But deep down, Keystone City was still her home. Her heart leapt when she walked passed the park where her parents used to take her to play as a little girl, she felt a wave of nostalgia when she crossed the street where her first apartment building was and she felt a pain in her chest when she walked passed Wally’s apartment. While she didn’t want to admit it to herself, she missed him.
After walking around for a while, she made her way into King Keystone’s Pub and Grille and carefully took a seat at a booth in the back corner with tears in the seat. She remembered this booth well from the holes in the seat to the uneven table legs. Despite its flaws, she was home.
“Can I help you, Hun?”
Jessie looked up at the waitress with watery eyes. “Um… yeah, two Keystone Hots, an order of onion rings and a… Keystone Lager.”
The waitress walked away and after a few moments brought her a pint of an amber colored beer, which she graciously sipped. Suddenly a bit of her fears were numbed at the taste of home. Nothing tasted like a Keystone Lager.
“Penny for your thoughts…”
The blonde Speedster looked up again and saw her father Jay Garrick’s warm smile beaming down at her. “Daddy!” she cried as she jumped up to pull him into a warm embrace.
She hadn’t seen him since he left the headquarters right before the team reformed and she missed him greatly. Prior to joining the Justice Society, she had been avoiding him to hide her drug habit, but after seeing him there, she realized she needed him in her life. “Good to see you, Jess… so what’s wrong?”
Jessie was hurt and her face showed it, causing Jay’s to soften even more. “I just wanted to see you… It’s been a long couple of weeks.”
“Because of Jade?”
Jessie stared into space and bit her lower lip. “Partially… I’ve never been one to… appreciate the past all that much and now I can’t escape it.”
She was about to continue, but the waitress brought her order and she began to munch on her hot dog. Leaning in towards the table, it was as if she was hiding behind her food after spilling that much of what was on her mind.
“How are you holding up?”
Jessie’s eyes slowly shifted around the room, trying to hide from her father’s warm gaze. She wasn’t quite sure how to answer that. On one hand, frequently going on missions, she and Jade couldn’t even think of their history, but on the other hand, they were constantly on top of each other. “I don’t know, Dad. I don’t know.”
“Jess, I know you’ve had some problems in the past, but this is your chance to make amends,” he told her earnestly. “That was always the charm of the Justice Society. We could afford to make mistakes, because there was always someone… to catch us when we fell.”
The young woman smiled at the sentiment, but her heart fell when she thought longer. “But I feel like I’ve run out of mistakes.”
“Jess, honey, you never run out of mistakes.”
Jessie let a tear fall from her eye as she took a bite of an onion ring. “I wish I believed that.”
Her father’s heart instantly split in two. It was the same feeling he felt when he found her strapped to an operating table in John Chambers’ basement. “I want to tell you a story… in 1993, your mother and I had decided against having children… we decided that since I had just retired from being The Flash, we would spend the time with just the two of us. Children were just something we weren’t thinking about…”
Jessie raised her eyebrow and looked up at her father. This was definitely a story that she had never heard before and she wasn’t entirely sure how she felt about it. ‘Was I just a charity case?’ she thought to herself. “Oh?”
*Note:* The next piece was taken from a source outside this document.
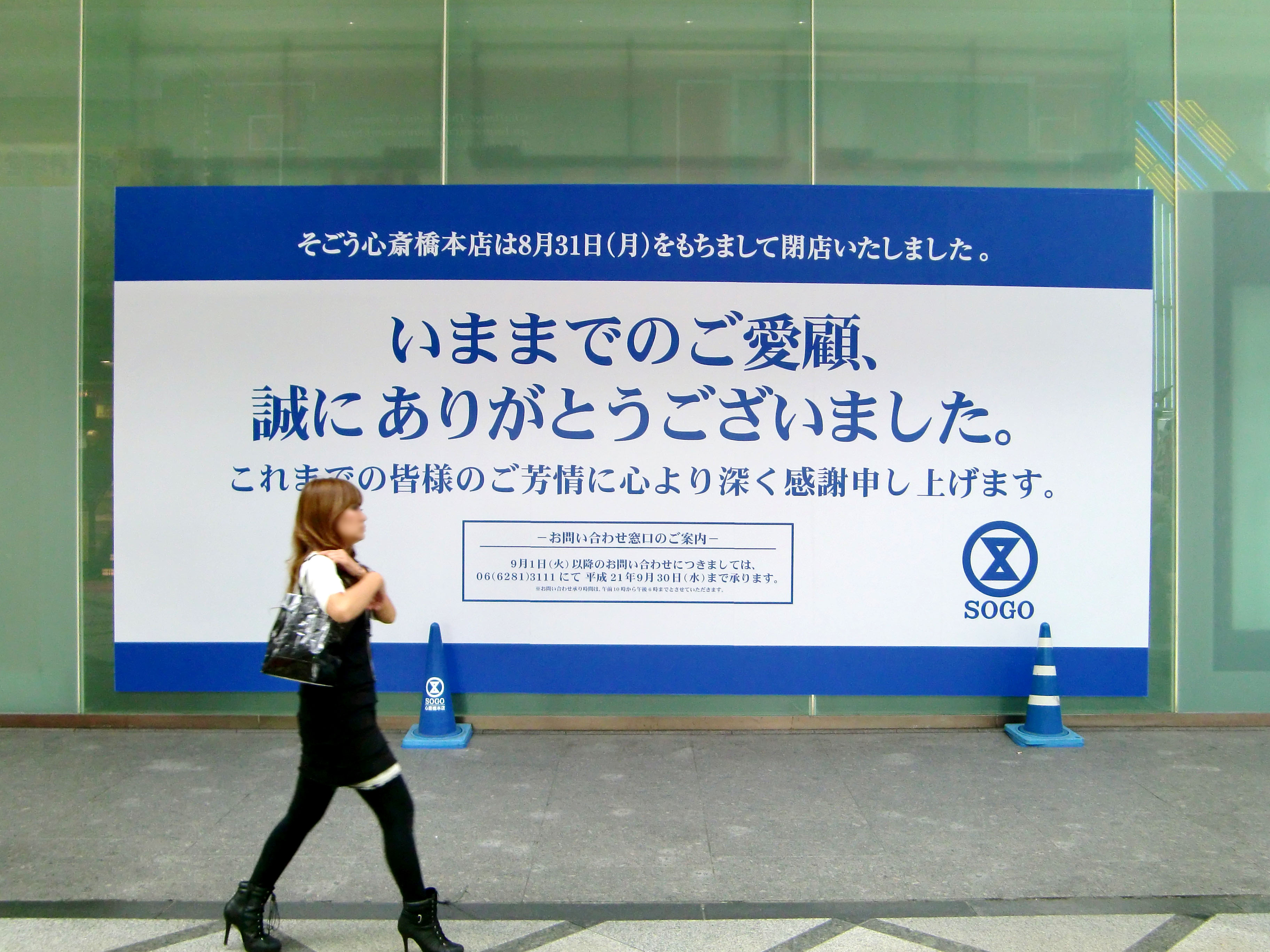 SOGO Shinsaibashi Closed, 1-8-3 Shinsaibashisuji, Chuo-Ku, Osaka City, Osaka, Japan.

“Yeah, but then I saw you in that godforsaken basement and when I unstrapped you from that table, you clung to me for dear life and buried your head into my shoulder. And despite you having different parents and not knowing of your existence until you were six… I knew in that moment that I had met my daughter.”
At that last statement made the tears flow faster. She tried to speak, but she couldn’t find the words. “I… I…”
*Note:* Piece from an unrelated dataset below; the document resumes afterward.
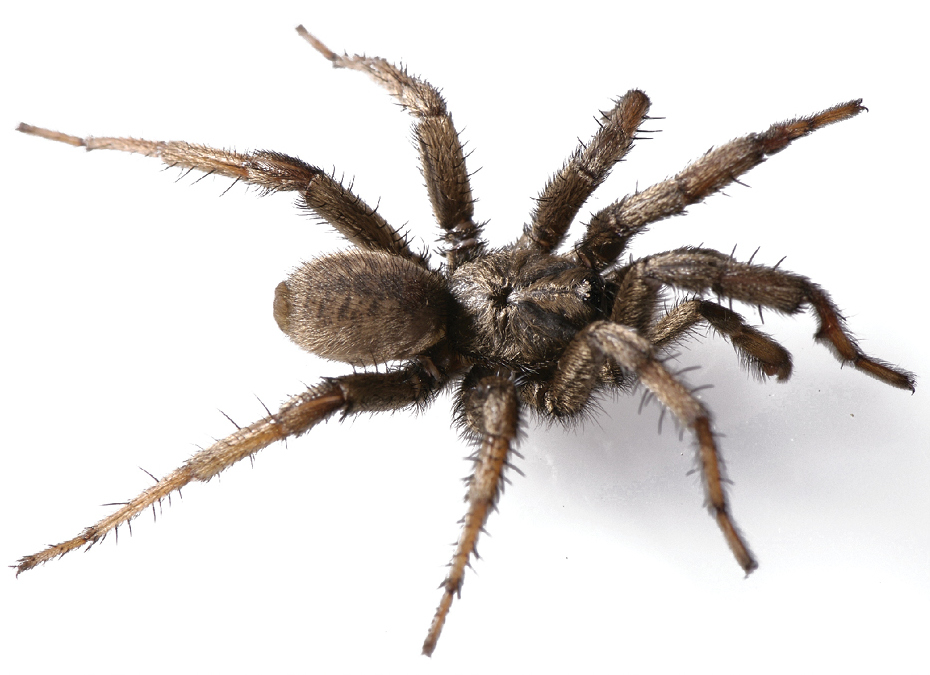 Male specimen of Aptostichus angelinajolieae specimens from Monterey Co., Monterey, live photographs.

“I know, sweetie. I don’t care what anyone says. You’re special.”
“I love you, Daddy.”
Jay moved over to Jessie’s side of the table and wiped the tears from her eyes. He beamed down at his daughter lovingly and kissed her on the temple. “I brought something for you.”
He reached his hand under the table and pulled out a simple paper clothing shop bag with cardboard handles. She took the bag and gave him a questioning look. Without a word, she pulled out the contents and her heart stopped. “Dad…?”
It was her old costume; the one that she wore as The Flash. Even though she felt as a failure with it on, for the first time in her career, she had her father’s blessing to take up the mantle. “Are you serious? This is… I can wear this? But what about…?”
“Jessie, I know you’re not coming back to Keystone anytime soon. That’s Wally’s now. But he’s carrying Barry’s legacy… I want you to carry mine. I can’t think of anyone I’d rather do that for me.” Jay himself, let tears begin to flow from his eyes. After all the ups and downs, he could safely say that he was proud of his daughter.
She brought the crimson and golden fabric to her chest, hugging it warmly as her father brought her into an embrace of complete and total joy.
***
Camelot. Opal City, Maryland
Sandy Hawkins, Delilah Tyler, and Dr. Charles McNider all sat in relative silence over their dinner as the clock struck seven. Jack had filled them in with what had happened with his father earlier that morning and immediately, they all had the urge to contact their parents. “So, Charlie, did you talk to your parents?” Delilah asked sweetly.
Even under the sunglasses, his friends could tell that his face fell. “Um, no… My father must have been, erm… busy or something. I can always talk to him tomorrow or something. What about you, Dee?”
She shrugged and bit her lower lip. “I talked to his assistant, but he never called me back. He always said that the life of a Senator is a lonely one… I never thought that it included their kids as well.”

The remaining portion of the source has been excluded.